While the vote was merely symbolic, Parliament's refusal to reaffirm its support for May's approach to negotiations with the European Union represented another setback for the government as it attempts to reopen the terms of its Brexit deal with the EU.
Lawmakers voted 303 to 258 against the government's motion, which included an amendment on renegotiating the Irish backstop -- a contentious part of the deal -- along with a nonbinding amendment to prevent a no-deal Brexit.
A group of hard-line Brexiteers in May's Conservative party abstained from the vote on Thursday, unwilling to back a motion that aimed to block Britain from crashing out of Europe on March 29 without a deal.
May has previously refused to rule out a no-deal Brexit, even though a majority of lawmakers say it will plunge the UK into chaos. That is with the exception of Brexiteers, who maintain that keeping it on the table is a necessary negotiating tactic with the EU.

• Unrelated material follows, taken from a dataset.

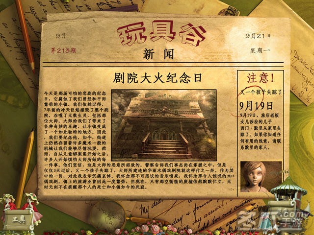 木偶戏在玩具谷曾是一种非常具有吸引力的表演,直到那场大火以前。现在,生锈的齿轮和黑暗之谜隐藏在奇怪的阴谋和凌乱的木偶之中。小男孩,西蒙,是最后一位失踪者。在游戏中,你将扮演一位侦探,解决谜题搜寻线索,去揭开另这座城市不悦的邪恶之谜。

There is growing frustration in Brussels with May, who is seen as a less reliable negotiating partner by the day.
"She's trying appeasement but it's just not working. You would think there should be a moment she has to sacrifice party unity to ensure safe landing for her country. But [I] doubt she will, hoping eventually the EU moves in the end," one EU diplomat told CNN.
Ireland's Deputy Prime Minister Simon Coveney said Thursday night that it was Britain's responsibility to break the current impasse -- not the EU.
"We should say very firmly that the responsibility to come up with ways of solving the current impasse lies where the impasse is, which London -- not Brussels, not Dublin, not Belfast or anywhere else," Coveney told the Irish Parliamentary Foreign Affairs Committee.